While the university has a strong band and vocal music program, stringed instruments are rarely heard in schools and churches around Monticello. There is no local or regional orchestra. To keep up his skills, Serna often played in his faculty office to an orchestral accompaniment broadcast from his computer. Members of the math and physics faculty have found his impromptu hallway concerts riveting. Several faculty have musical backgrounds, singing in local choirs, so their appreciation of his virtuosity was genuine.

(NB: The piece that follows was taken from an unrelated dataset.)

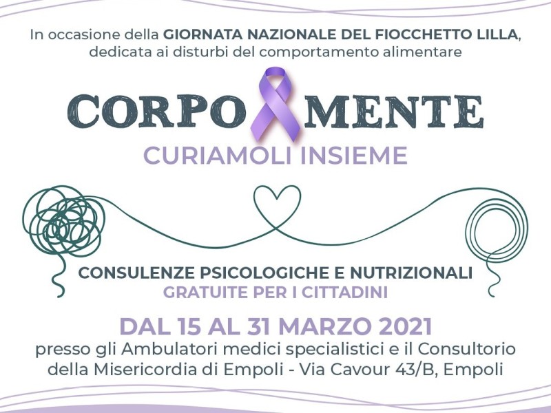 Per fornire assistenza a coloro che soffrono di queste patologie e ai loro familiari, la Misericordia di Empoli ha organizzato l’iniziativa “Corpo & Mente. Curiamoli insieme”, offrendo consulenze psicologiche e nutrizionali gratuite alla cittadinanza.

Serna debuted locally as a violinist during Christmas Eve Mass at St. Mark Church in 2005 when two of his sisters visited from Colombia, and the family was asked to play during Communion. The congregation was stunned by the quality of music shared by the family members on violin, guitar and piano.
Since last Christmas, Serna has played for the Monticello Music Club and at the First Methodist Church as well as during Holy Week at St. Mark, always to the immense satisfaction of audiences who seldom hear classically trained violin soloists.
But Tuesday night was different. Few students had heard Serna play and only one member of the trio was a professional musician, so there was sense of novelty about the program. Although the three had made a few appearances in the community, again at the Monticello Music Club in October and at the First Methodist Church, these were short performances of one or two selections where audiences seemed thrilled at the sound of Serna's violin.
Serna comes from an accomplished family. His father is a physician and a sister is an OB/GYN. Another sister is making a career in contemporary music. Serna, himself, mixes science and music, describing how he visualizes the music in three-dimensional shapes or a laser movement in space.
The evening's program would feature Serna and the other members of faculty trio, then introduce a group of four clarinet students after an intermission, a student quartet featuring another St. Mark parishioner, Vanessa Waite.
Waite is not a music major but began studying the clarinet in 1996 as a sixth grader. All of the children in her family have mastered at least one instrument, from flute to trombone to French horn. Waite enjoys playing her clarinet as a break from her early childhood education studies. At least once a month, she gets home to Conway to spend time with friends and family.
"My family likes to get together and play board games, and my friends and I like to watch movies," Waite explained.
A member of St. Joseph Church in Conway, Waite also enjoys the smaller size of St. Mark in Monticello because she has met so many of the parishioners.
"I feel like my faith has grown a lot since I have come to college," she added. "I know this is the time when a lot of people lose their faith but having a good church and church family truly has helped keep my life on track."
The lights finally dimmed in the Harris Recital Hall. Serna raised his violin. The crowd, already quiet in anticipation, seemed to stop breathing as he played the solo opening notes of a Grieg composition arranged for three instruments. Forty minutes later, the crowd was on its feet shouting "Bravos."